Remember that massive economic boom in North Dakota? That was so early 2012.
The Atlantic‘s Derek Thompson outlines the state’s slowdown at the end of last year. He starts with this graph:
Click to embiggen.
This chart tells two stories about America’s little petro state. First story: At the beginning of 2012 (much like in 2011 and 2010), North Dakota’s stratospheric job creation numbers made even the next frothiest states look like they’re were suffering a post-Soviet-breakup depression. Second story: Something happened in the second half of 2012. North Dakota’s economy fell back to earth. …
You might say, don’t be unfair, North Dakota never could have kept up its 2011 rate!, and I might respond, you’re right. If the U.S. had experienced Dakotan growth across 2011, we would have added about 400,000 jobs per month, and that’s just absurd.
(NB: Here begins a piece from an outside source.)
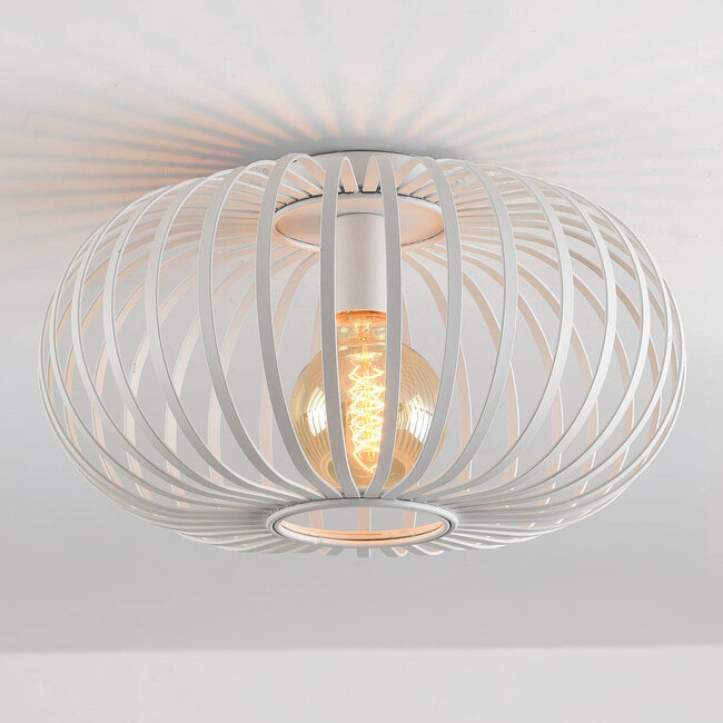 Fiore has a total diameter of 38 cm and is 22 cm high. The ceiling plate has a diameter of 10 cm. The lamp has one E27 lampholder and can handle a maximum of 60 watts (light bulbs not included). Depending on the light source chosen, the ceiling lamp is dimmable using an external dimmer switch (not included). Are you looking for a dimmer switch? Then take a look at our wall dimmer switches .

Why the slowdown? In part, because drilling (and ancillary costs) gets more expensive as it gets more popular. Supply and demand.
The rig count across North Dakota, and particularly in the rich Bakken shale, dropped sharply in September and hiring has slowed since the summer, as drilling companies have turned their focus to efficiency as capital costs (and concerns of regulation) rise in the Bakken. That’s probably had spill-over effects in transportation hiring.
And in housing: A massive spike in new house construction at the beginning of 2012 leveled off as oilfield hiring slowed.
Thompson notes that the state is not seeing a bust, just a slowdown. So if you want to get in on that North Frackota action, you still can. But open a hotel, not an oil well.